第23話 実力の差

「え? 私が勇者様のパーティに参加・・・ですか?」





 突然の申し出に戸惑ったシャルロッテ。





 ショウはそんな彼女にこの旅の重要さを力説した。





「うん、俺たちには君の力が必要なんだよ。今俺たちは王命で世界の崩壊をもくろむ魔神を討伐する為の旅に出ていてね、強い仲間が必要なんだ。俺たちのパーティは出来たばっかりで魔法使いがまだ居ないんだけど、さっきの君の魔法を見て確信したね。この出会いは運命だって」





 そして右手を差し出しながら爽やかな笑みを浮かべる。





「さあシャルロッテ。一緒に世界を救おう」





 シャルロッテは助けを求めるように、ショウの隣に立っているギルドマスターの方へ視線を送った。





 その視線に気がついたギルドマスターは、大きくため息をついてからぼりぼりと白髪交じりの髪を掻いて話し出す。

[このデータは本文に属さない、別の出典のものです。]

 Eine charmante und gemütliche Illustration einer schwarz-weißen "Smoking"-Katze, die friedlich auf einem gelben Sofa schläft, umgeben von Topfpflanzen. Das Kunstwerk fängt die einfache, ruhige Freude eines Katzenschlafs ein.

「お前にその意思があれば勇者のパーティに参入する事は可能だ。ギルドの決まりとしてあまりにもランクの離れすぎているモノ同士でパーティは組めないが、先ほどの魔法を見る限りお前はAランクに昇格させてもよさそうだしな」





 それを聞いたシャルロッテは恐る恐るマルクの方を向いた。





 誰よりも英雄となることを夢見ていたマルク。彼を差し置いて自分が高ランクの冒険者になってしまったら悲しむのでは無いかと思ったのだ。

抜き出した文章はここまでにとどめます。